_WORK ITEM:_ Where the line containing "[0] => The Shoreline" appears, end the copy there, keeping that line; start from the first line of the entries, copy exactly, and omit pictures.

_DATA TO EXAMINE:_
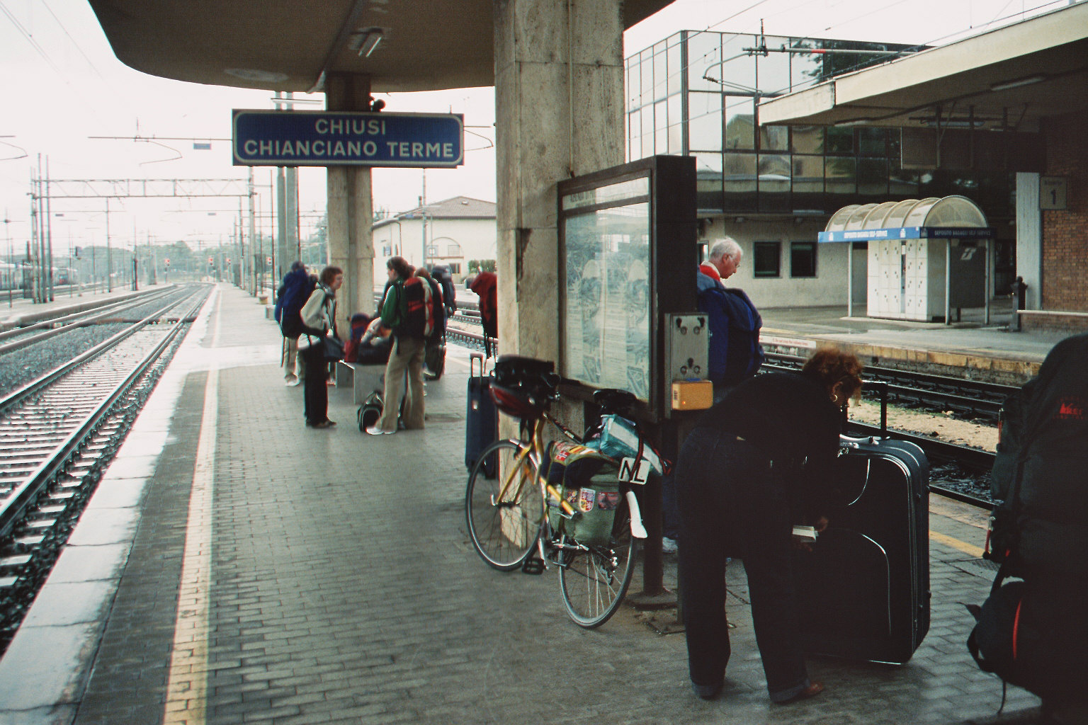 Het is al een tijdje geleden, ik heb een fietstocht door Toscane gemaakt met een kort bezoek aan Rome per trein. Op 2 juni 2006 heb ik mijn gele Giant in een Italiaanse trein meegenomen. Van Siena naar Rome. Enkele reis € 12,34 en voor de fiets € 3,50. Zo spotgoedkoop, aangezien de afstand van Siena naar Roma 254 kilometer was. Wel overstappen in Chiusi Cianciano Terme.
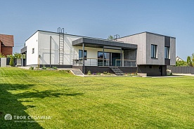 Стены выложены из керамического паризованного блока, вентилируемые фасады - фиброцементная плита производства Бельгии. В оконных проёмах и входной группе установлены стеклопакеты с алюминиевым профилем Schuco производство Германия. На террасу выведена вода, есть возможность организовать зону барбекю, а также установлены атоматические сетки, которые защищают от снега, дождя и насекомых.
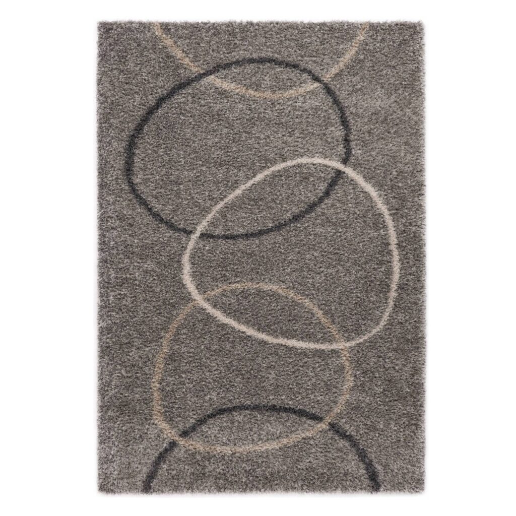 [0] => The Shoreline Reef Rug features a playful pattern of overlapping circles in contrasting shades of grey and beige, with a low, shaggy pile that is soft to the touch. Woven in Belgium from 50% heat-set polypropylene and 50% polyester, the Shoreline Reef Rug is durable enough for any area of the home. Place it in your living room, entryway, or bedroom to instantly add personality, coziness, and a touch of fun.
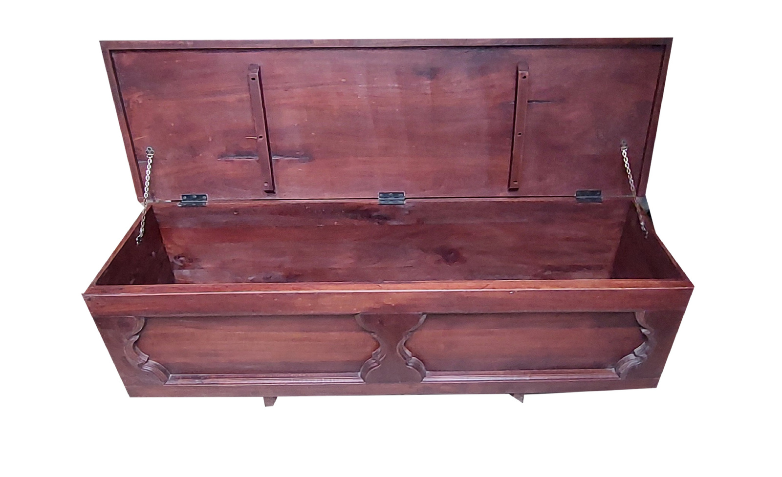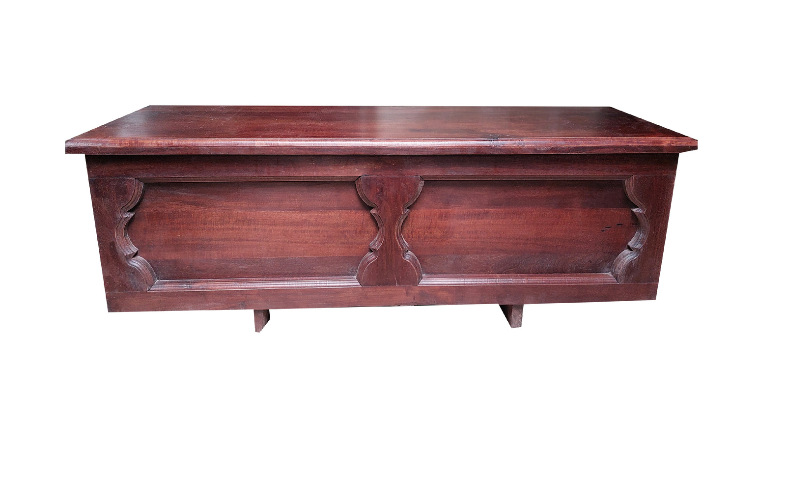 Opis mebla: Skrzynia wykonana z egzotycznego drewna mango, która pełni również funkcję stolika kawowego. Drewno mango jest znane ze swojej trwałości i egzotycznych wzorów słojów. Skrzynia ma płaską górną powierzchnię, która może służyć jako stolik do kawy. Drewno ma różne naturalne odcienie i wzory, co podkreśla unikalne cechy drewna mango. To mebel, który może zainteresować osoby poszukujące wielofunkcyjnych, dekoracyjnych przedmiotów, które jednocześnie pełnią funkcję przechowywania, a egzotyczny charakter drewna mango dodaje mu wyjątkowego uroku.
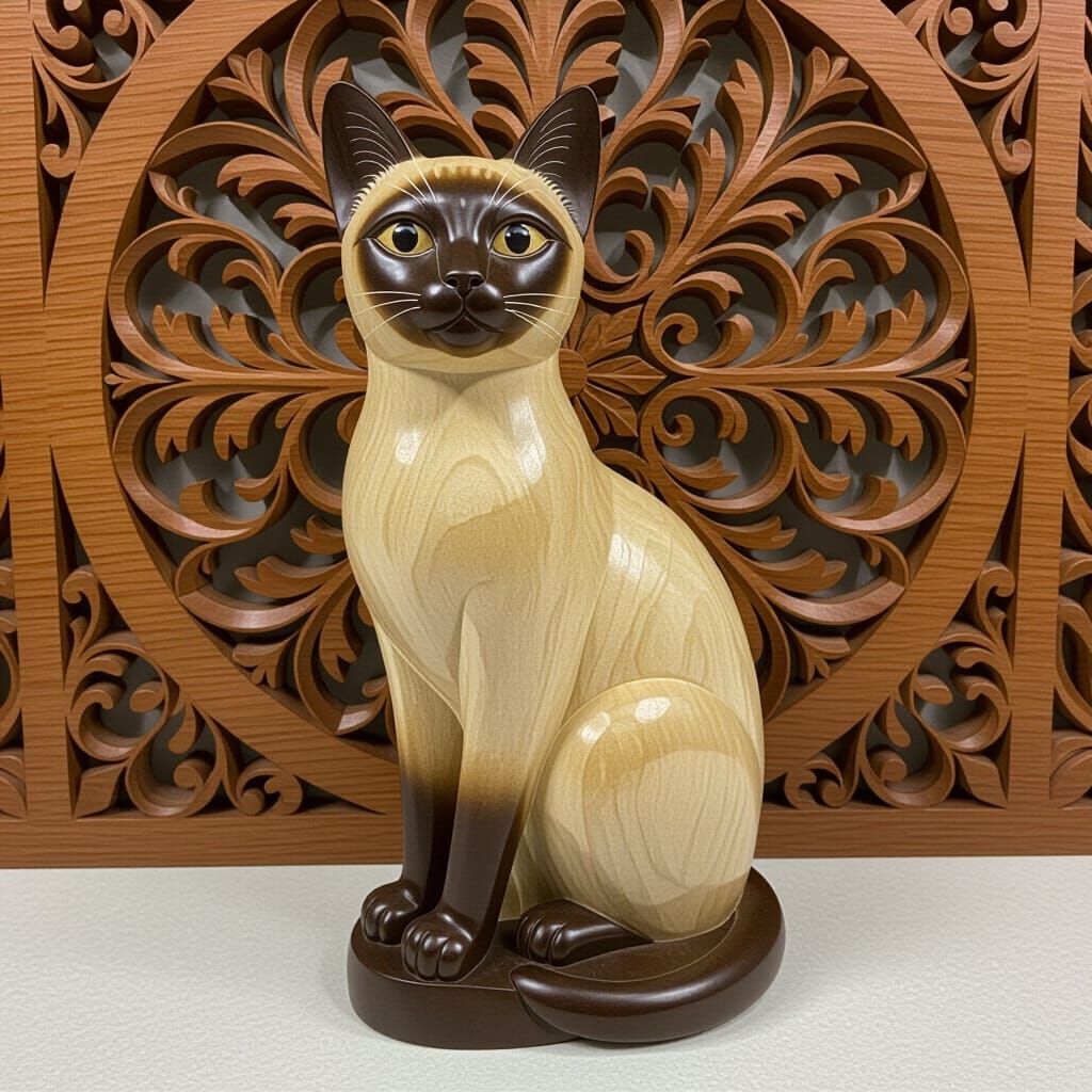 This image shows a wood carved Siamese cat statue. The carving features a detailed wooden background, complementing the sleek and elegant form of the cat in a naturalistic style.
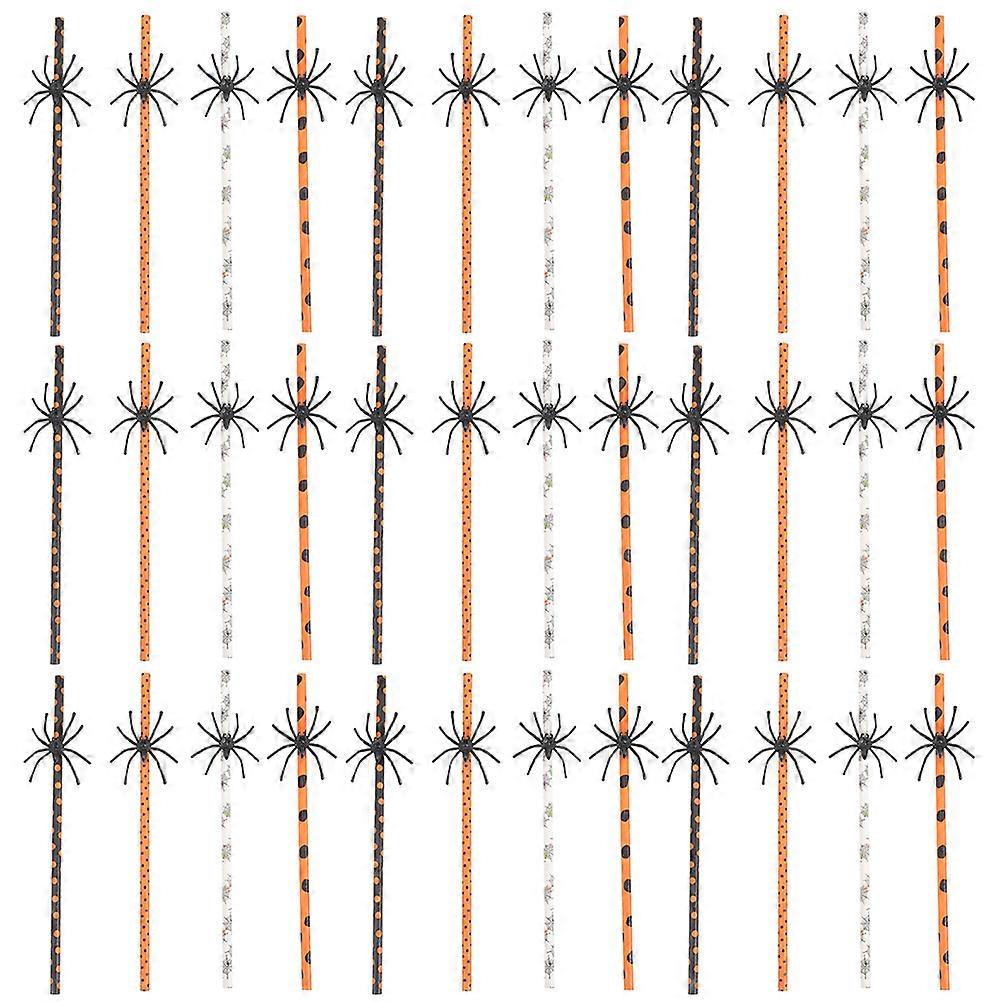 Spider Shape Halloween Paper Straws Black Drink Straw Home Decoration Cake Decor All Ages 40Pcs

_FINAL ANSWER:_
 Het is al een tijdje geleden, ik heb een fietstocht door Toscane gemaakt met een kort bezoek aan Rome per trein. Op 2 juni 2006 heb ik mijn gele Giant in een Italiaanse trein meegenomen. Van Siena naar Rome. Enkele reis € 12,34 en voor de fiets € 3,50. Zo spotgoedkoop, aangezien de afstand van Siena naar Roma 254 kilometer was. Wel overstappen in Chiusi Cianciano Terme.
 Стены выложены из керамического паризованного блока, вентилируемые фасады - фиброцементная плита производства Бельгии. В оконных проёмах и входной группе установлены стеклопакеты с алюминиевым профилем Schuco производство Германия. На террасу выведена вода, есть возможность организовать зону барбекю, а также установлены атоматические сетки, которые защищают от снега, дождя и насекомых.
 [0] => The Shoreline Reef Rug features a playful pattern of overlapping circles in contrasting shades of grey and beige, with a low, shaggy pile that is soft to the touch. Woven in Belgium from 50% heat-set polypropylene and 50% polyester, the Shoreline Reef Rug is durable enough for any area of the home. Place it in your living room, entryway, or bedroom to instantly add personality, coziness, and a touch of fun.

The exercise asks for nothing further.